# Административно-Технический > Технические вопросы >  Тормоза + крайний визит!

## vomit airways

1) Тормоза, на которые здесь многие жаловались ранее, продолжаются!
   Скоро полгода, как на форум почти невозможно зайти - "internal server error" (на др. ресурсах у меня ничего подобного не наблюдается)
Здесь ограничения по скорости, по регионам, и т.д..?! 

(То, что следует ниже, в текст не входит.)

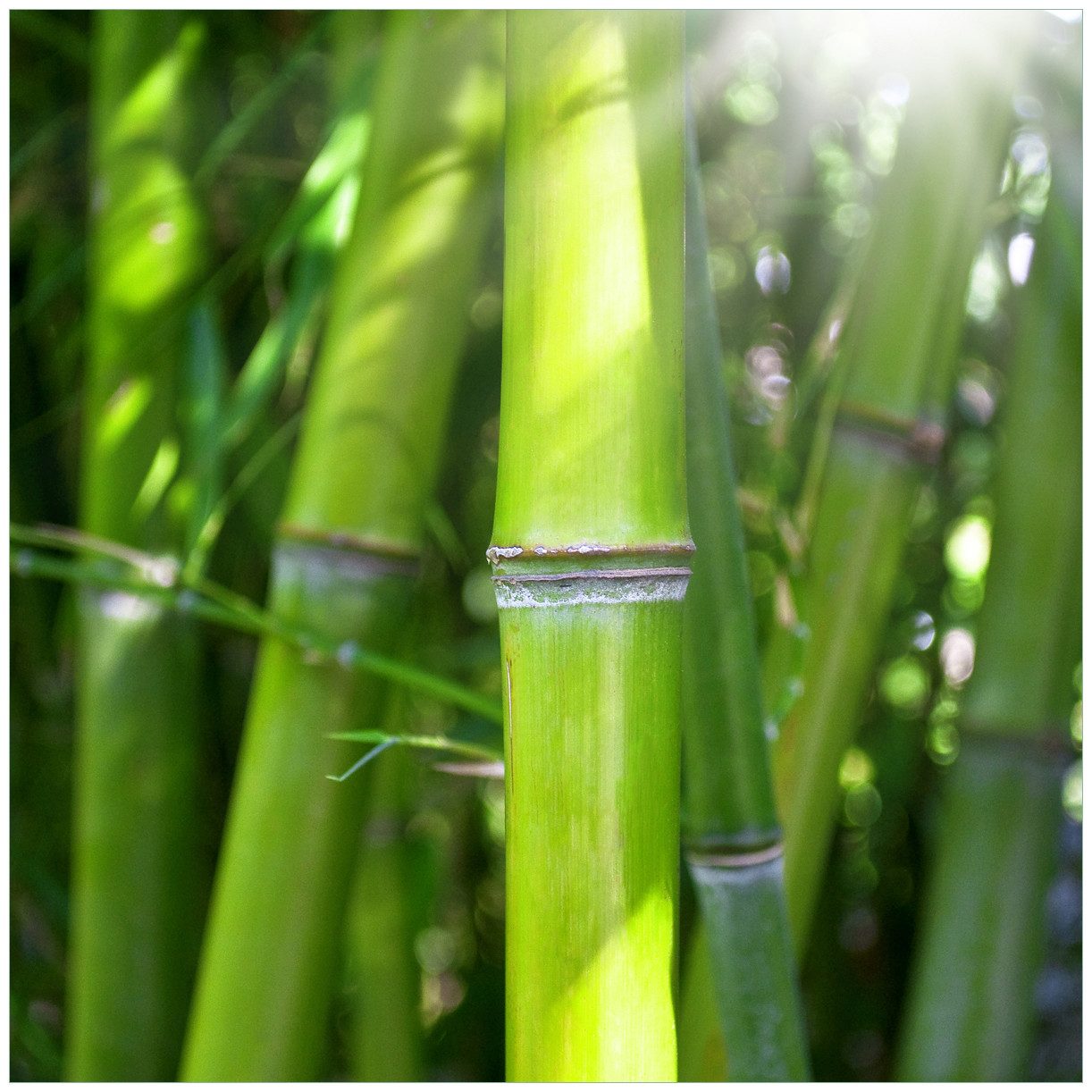 Dicke Bambusrohre ragen in alle Richtungen weit in die Luft. Die helle Sonne scheint durch die Lücken der Bambusstämme und bringt die intensiven Grüntöne zum leuchten.
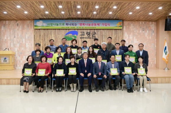 고령군이 최근 군청 대가야홀에서 고령군지역사회보장협의체와 함께 2018년 신규사업으로 실시하고 있는 행복나눔 공동체사업 협약체결 및 현판 전달식을 가졌다.
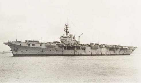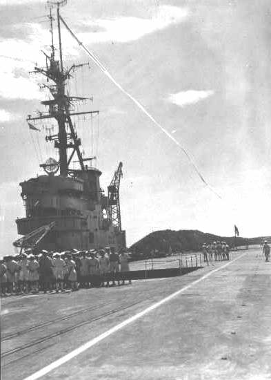 HMS. Vengeance leaving Colombo, Ceylon on 20th July 1946, flying the 'paying off pennant'.
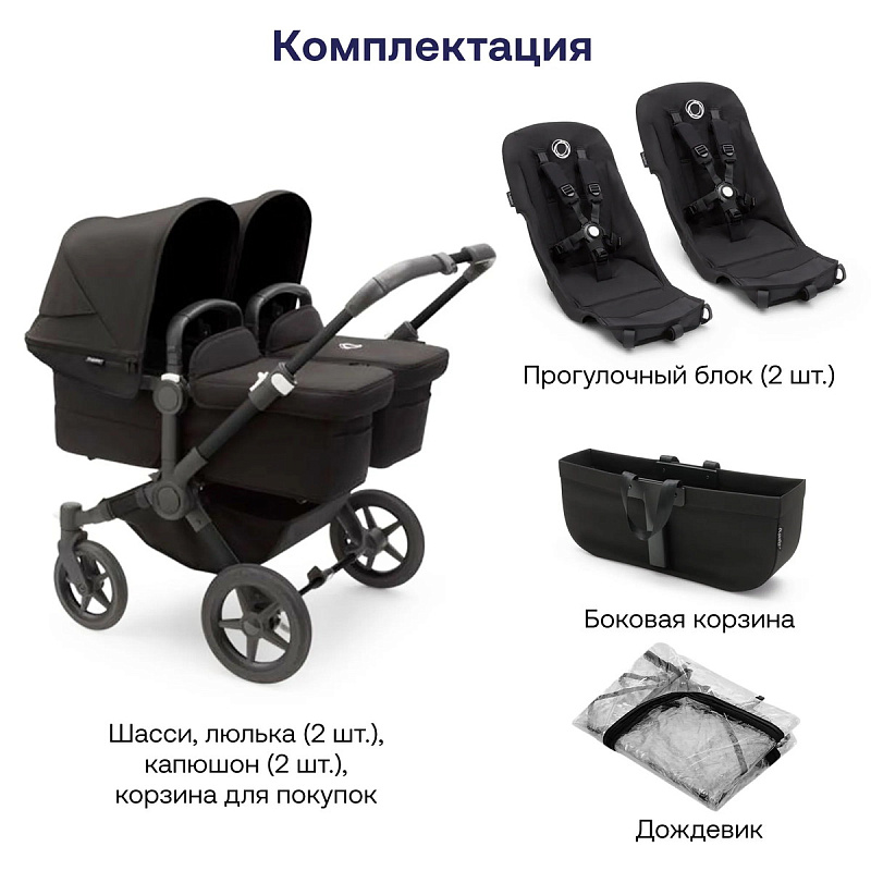 Коляска для двойни Bugaboo Donkey 5 Twin шасси Black Midnight Black-Midnight Black
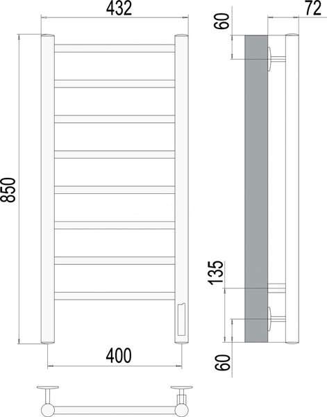 • Полотенцесушитель электрический Аврора П8 400х850, ширина 40 см, высота 85 см, 4670078531162
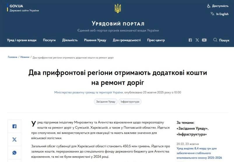 https://www.kmu.gov.ua/news/dva-pryfrontovi-rehiony-otrymaiut-dodatkovi-koshty-na-remont-dorih
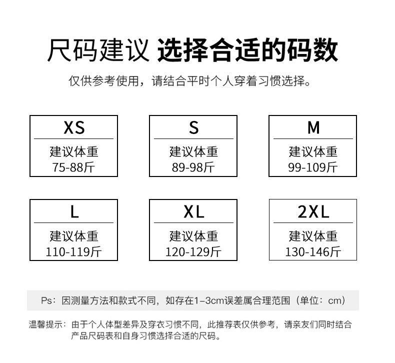 China (cm) 165 / 88-90 170 / 96-98 175 / 108-110 180 / 118-122 185 / 126-130
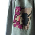 左右の裾とポケットに、いろいろな銘仙をあしらった
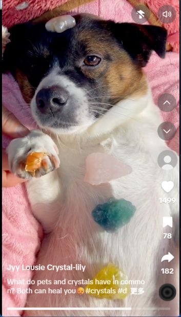 在TikTok上,还有不少宠物主分享给自家猫狗做水晶“疗愈”的片段,懵懂的狗狗被水晶包围,沉醉的猫猫狂吸水晶版“猫薄荷”,迅速引发了热潮。于是,在TikTok美区,水晶宠物项圈热度高涨,单月销量突破3500件,成了宠物类目与水晶类目的双重爆款。

2) Форум выдает "крайний визит" со временем , когда меня здесь и в   помине небыло! Прошу прокомментировать.

----------


## А.В.Егоров

[QUOTE=vomit airways;32693]1) Тормоза, на которые здесь многие жаловались ранее, продолжаются!
   Скоро полгода, как на форум почти невозможно зайти - "internal server error" (на др. ресурсах у меня ничего подобного не наблюдается)
Здесь ограничения по скорости, по регионам, и т.д..?!!!!

У меня теже проблемы!!!!
 Модераторы забаньте китайских рекламщиков(qrst231 / usaqial19735) :Mad:

----------


## Холостяк

У меня тоже самое....
Вроде как это проблемы сервака, на котором находится форум.... Хреноватый хостинг... 
Менять нада....
Жаль...

----------


## Любомирский

С визитами вроде ничего, а вот то что вход раза с 5-го 7-го, то это да. 
В общем, проблема есть - нужно решить. Советовать не могу - не разбираюсь.

----------


## alexvolf

Пробовал заходить на форум через сайт "Airforce" главная страница форума открывается сразу без всяких задержек,а затем начинаются полные тормоза по регистрации или открытии темы. Регионы и хостинг похоже не причем.

----------